Records to process —
---*---

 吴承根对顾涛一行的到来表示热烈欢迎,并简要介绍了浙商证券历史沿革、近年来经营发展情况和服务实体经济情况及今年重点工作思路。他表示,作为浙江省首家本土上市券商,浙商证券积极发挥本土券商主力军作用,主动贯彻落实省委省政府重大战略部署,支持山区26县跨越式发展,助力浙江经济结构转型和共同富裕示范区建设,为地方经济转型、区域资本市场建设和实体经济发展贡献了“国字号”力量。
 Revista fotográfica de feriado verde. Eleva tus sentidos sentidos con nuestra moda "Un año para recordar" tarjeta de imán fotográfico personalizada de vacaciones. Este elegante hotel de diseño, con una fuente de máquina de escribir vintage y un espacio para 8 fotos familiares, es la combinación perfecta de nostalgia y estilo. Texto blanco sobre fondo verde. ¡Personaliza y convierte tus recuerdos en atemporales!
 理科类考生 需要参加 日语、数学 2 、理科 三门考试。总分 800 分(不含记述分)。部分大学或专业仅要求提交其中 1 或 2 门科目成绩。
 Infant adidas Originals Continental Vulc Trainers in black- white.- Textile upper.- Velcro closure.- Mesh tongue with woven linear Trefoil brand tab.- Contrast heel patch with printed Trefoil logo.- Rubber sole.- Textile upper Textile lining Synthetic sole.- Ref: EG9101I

---*---

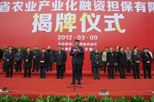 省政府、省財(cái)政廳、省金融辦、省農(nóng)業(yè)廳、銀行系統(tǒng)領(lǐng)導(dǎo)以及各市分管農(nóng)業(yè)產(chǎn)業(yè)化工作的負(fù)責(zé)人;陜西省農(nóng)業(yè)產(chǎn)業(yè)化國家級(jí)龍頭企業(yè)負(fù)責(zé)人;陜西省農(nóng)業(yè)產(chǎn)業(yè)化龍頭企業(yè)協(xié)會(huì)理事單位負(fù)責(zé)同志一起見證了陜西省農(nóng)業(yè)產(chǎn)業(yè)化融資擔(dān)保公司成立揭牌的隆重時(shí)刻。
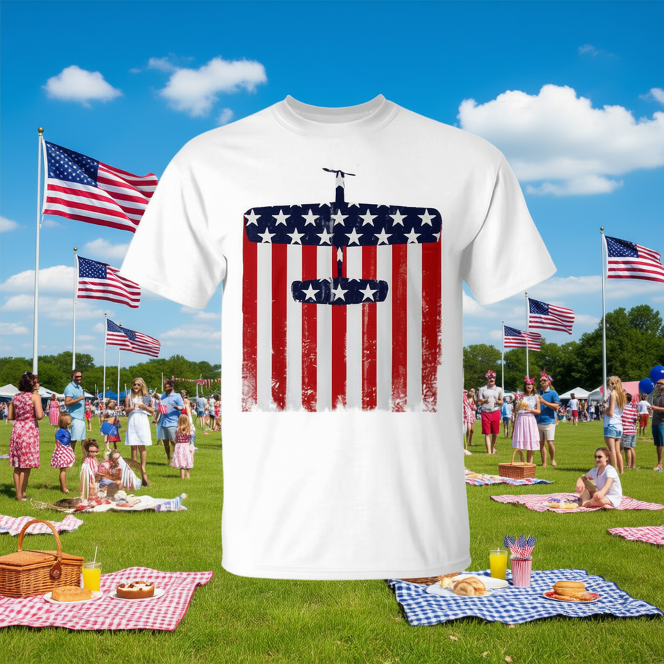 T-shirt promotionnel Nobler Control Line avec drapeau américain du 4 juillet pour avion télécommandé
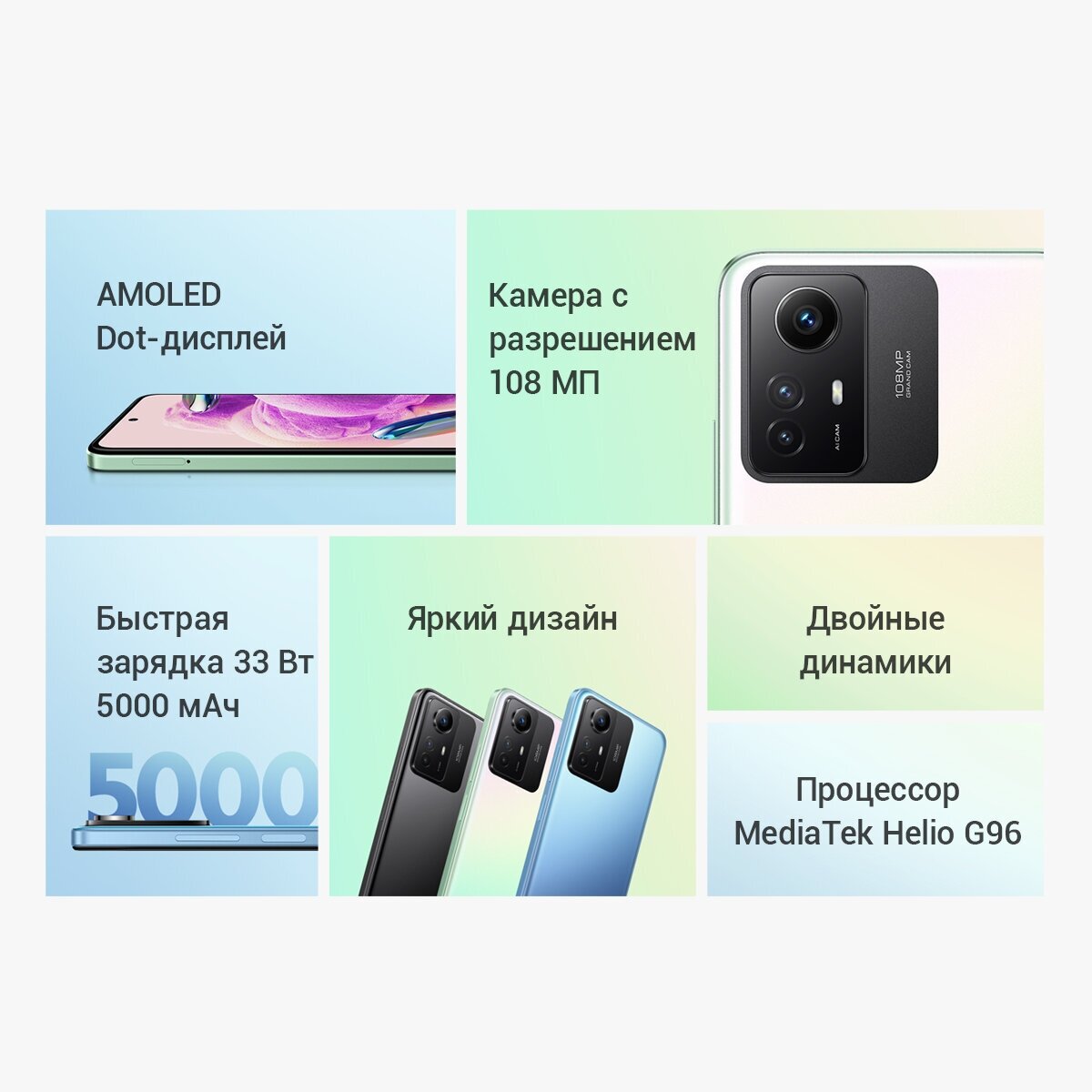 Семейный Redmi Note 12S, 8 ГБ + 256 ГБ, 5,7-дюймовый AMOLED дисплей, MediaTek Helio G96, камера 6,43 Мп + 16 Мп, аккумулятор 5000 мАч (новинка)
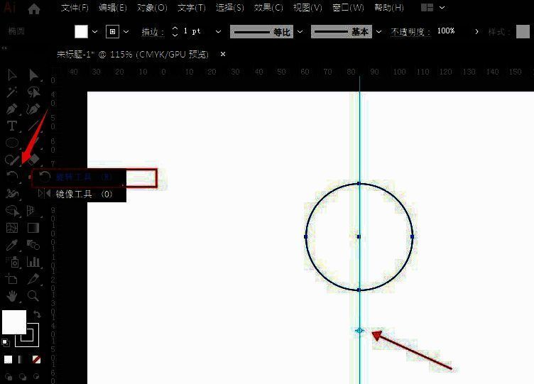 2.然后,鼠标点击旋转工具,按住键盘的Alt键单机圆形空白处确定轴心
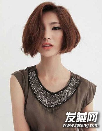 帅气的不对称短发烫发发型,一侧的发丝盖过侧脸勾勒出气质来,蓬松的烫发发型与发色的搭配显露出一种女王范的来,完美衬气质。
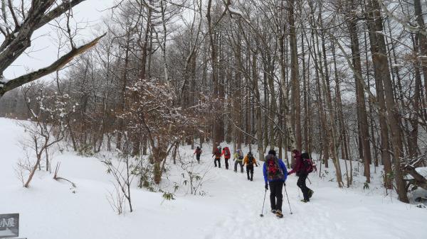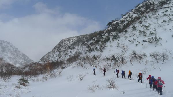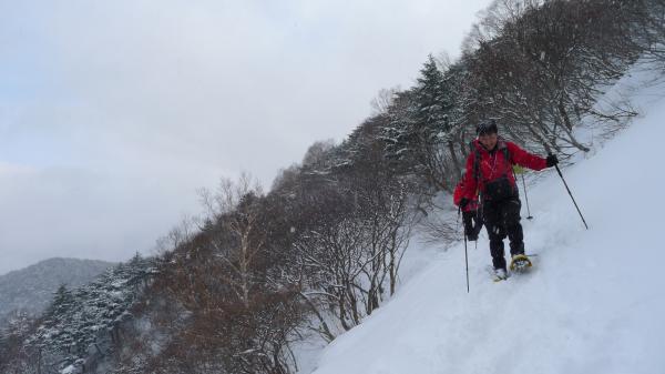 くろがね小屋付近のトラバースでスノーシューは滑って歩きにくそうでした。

---*---

Task to complete — Please copy the lines above exactly, starting at the line that holds "Семейный Redmi Note" and ending at the line that holds "くろがね小屋付近のトラバースでスノーシューは滑って歩きにくそうでした。"; include both, but no pictures.

Reply —
 Семейный Redmi Note 12S, 8 ГБ + 256 ГБ, 5,7-дюймовый AMOLED дисплей, MediaTek Helio G96, камера 6,43 Мп + 16 Мп, аккумулятор 5000 мАч (новинка)
 2.然后,鼠标点击旋转工具,按住键盘的Alt键单机圆形空白处确定轴心
 帅气的不对称短发烫发发型,一侧的发丝盖过侧脸勾勒出气质来,蓬松的烫发发型与发色的搭配显露出一种女王范的来,完美衬气质。
 くろがね小屋付近のトラバースでスノーシューは滑って歩きにくそうでした。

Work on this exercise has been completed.